Hi, everyone. This is John on for Serge. Thanks for taking our questions today. We have two questions regarding EXPAREL pricing for this year and beyond. First, can you provide some context on what the discount looks like right now to improve the user base and what the strategy might look like for the rest of the year based on what you've seen so far?

Speaker 12

And then when no paying comes into effect next year, what does the pricing strategy look like at that point with improved

Speaker 4

reimbursement? Thanks.

Speaker 6

So Charlie, maybe you want to talk a little bit about EXPAREL pricing strategy. What I'll say here is that when you think about what we're doing with GPO and Axis 340B, that's very favorable. So I'll say that. And with no pain, obviously, the reimbursement then gets better as opposed to the pricing. And so beyond that, Charlie, maybe you want to try a little bit

Speaker 4

of color. Sure. So if we think about EXPAREL's total gross to net at this point, it's a hair under 84%. And that includes product returns and prompt pay discount. It includes 340B, a series of individual customer contracts.

Speaker 4

And over time it will also include the GPOs as well. I think that was probably your question. If you're talking about pricing, actually price increases, we've been pretty modest in that regard. We did one in January. And we're really focused on expansion of the top line by volume, not so much price.

Speaker 12

Yes. I think really just for next year when no pain comes to effect, do you see the pricing kind of taking a, I don't know, a more lumpy change at the beginning of

Speaker 9

the year? Or do you

Speaker 12

see more of a gradual flip from a discount to a price increase?

Speaker 4

So ASP +6 is critically important in the outpatient setting to drive volume.
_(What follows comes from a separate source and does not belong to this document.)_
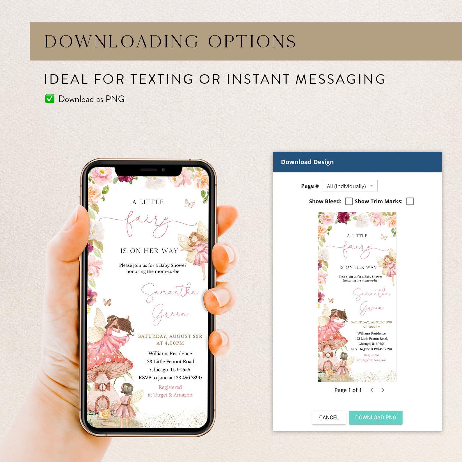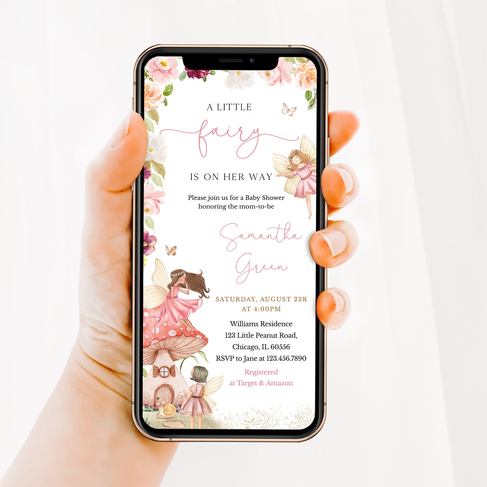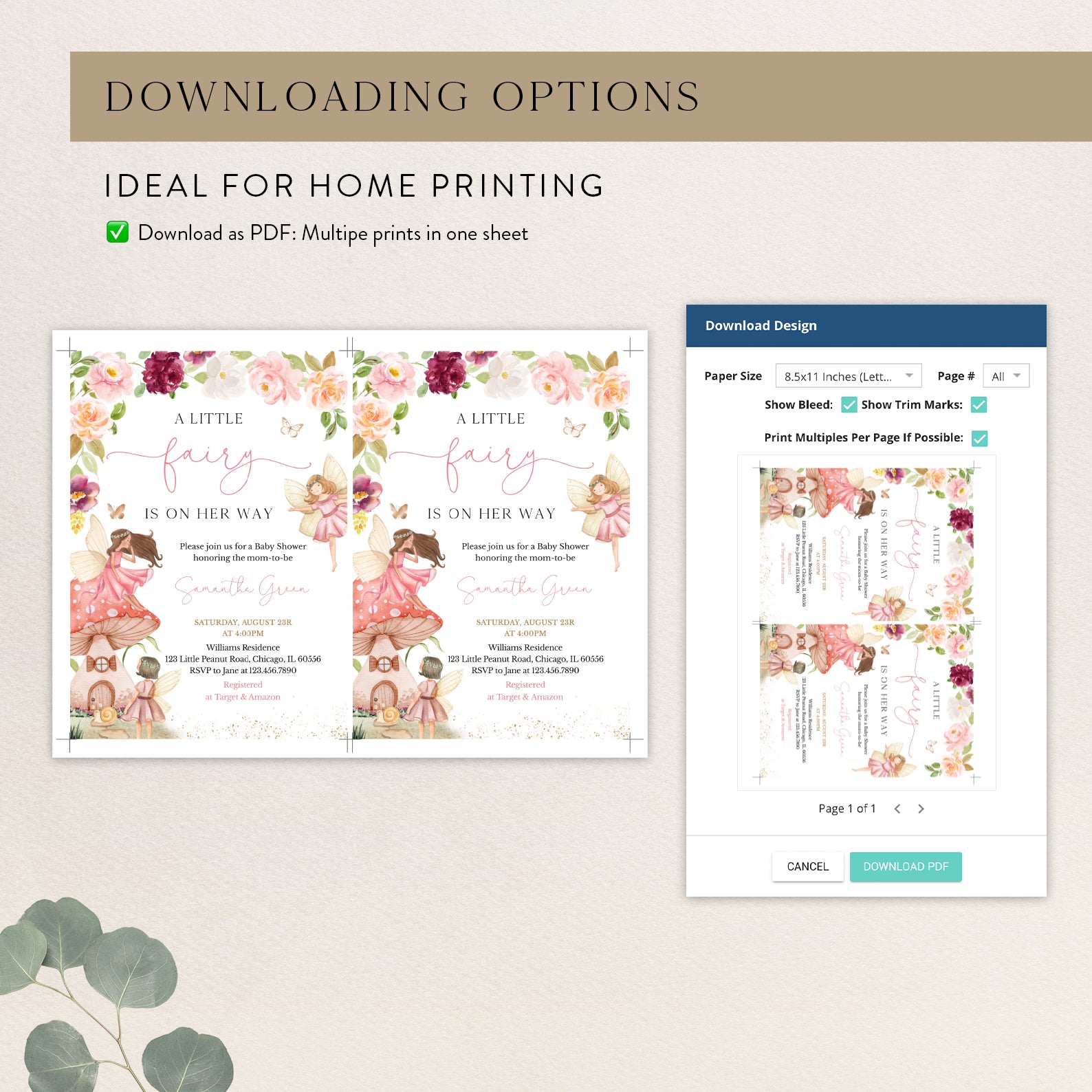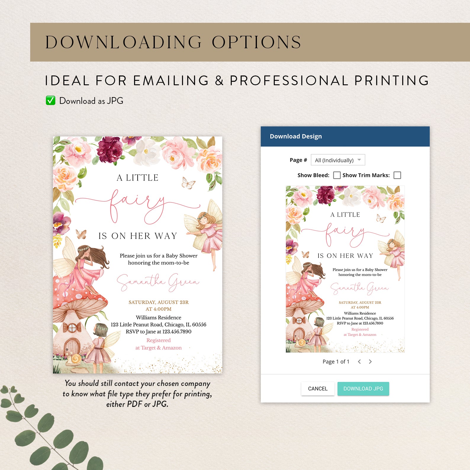 - Purchase this Fairy Fall Baby Shower Invite Bundle with Flowers & Gold Accents template
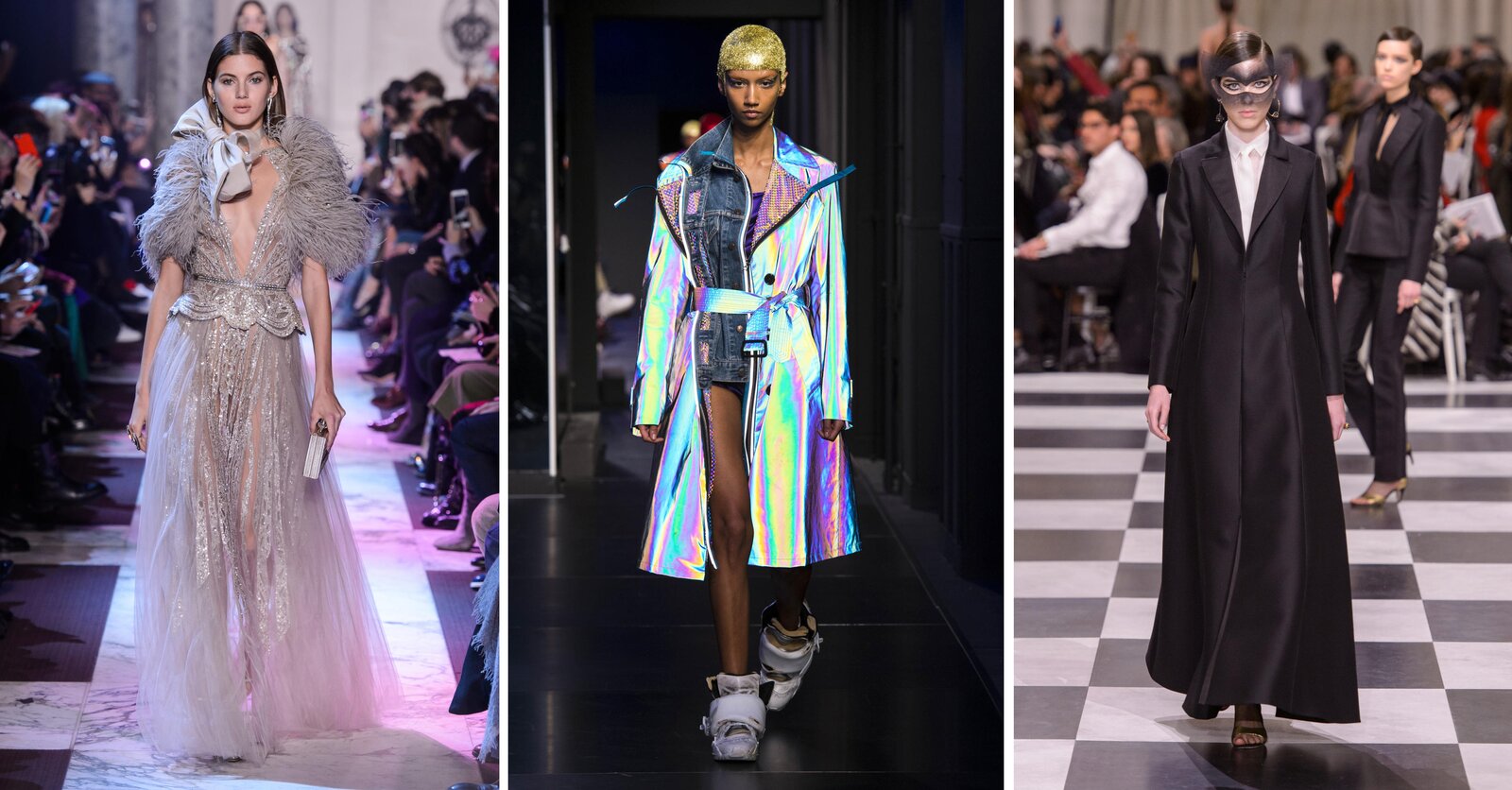 Ilustracja przedstawia trzy kobiety stojące na różnych wybiegach. Pierwsza kobieta od lewej strony ubrana jest w długą błyszczącą suknię, na której znajdują się elementy piór. Kolejna z kobiet ubrana jest w holograficzny płaszcz założony na dżinsową kurtkę oraz białe buty. Kolejna z kobiet ubrana jest długi czarny płaszcz sięgający do kostek, białą koszulę oraz na twarzy ma założoną maskę. W tle za kobietami znajdują się ludzie. Ilustracja posiada trzy punkty interaktywne. Po kliknięciu jednego z punktów podświetlają się poszczególne części ilustracji. 1. Zestawienie czerni i bieli oraz prostota kroju klasycznego, długiego płaszcza zaproponowane przez Diora. Podświetla się trzecia kobieta. 2. Holograficzny materiał PCV w awangardowej odzieży sportowej - błyszczący płaszcz, mieniący się barwami, masywne, ale lekkie obuwie. Podświetla się druga kobieta. 3. Bogata suknia łącząca stylu glamour (delikatne jedwabie) z przepychem lat 20 zdobione (elementy z piór). Podświetla się pierwsza kobieta.

ASP plus 6 has nothing to do with our WACC or the prices we will charge. So I don't know that we will change our strategy in any way, shape or form. We're just going to try to educate our potential customers so that they can benefit from ASP plus 6 and we can benefit from volume.

Speaker 12

And

Speaker 6

John, I want to go back to we're sharply focused on growth. Doing so solves a lot of things, including margin, some of the questions earlier. And this is the opportunity for us to drive penetration and growth with this catalyst of no pain. So that's what we're focused on.

Speaker 12

Great. Thanks.

Operator

That concludes our Q and A session. I will now turn the conference back over to Susan Mesko, Head of Investor Relations for closing remarks.

Speaker 1

Thank you, Hermione, and thanks to all on the call for your questions and time today. We are excited about the opportunities that lie ahead for us. Throughout the balance of the year, we will continue to ensure we are well positioned for long term success. The opioid epidemic continues to be a national crisis underscoring the vital importance of our mission. Thank you and stay well.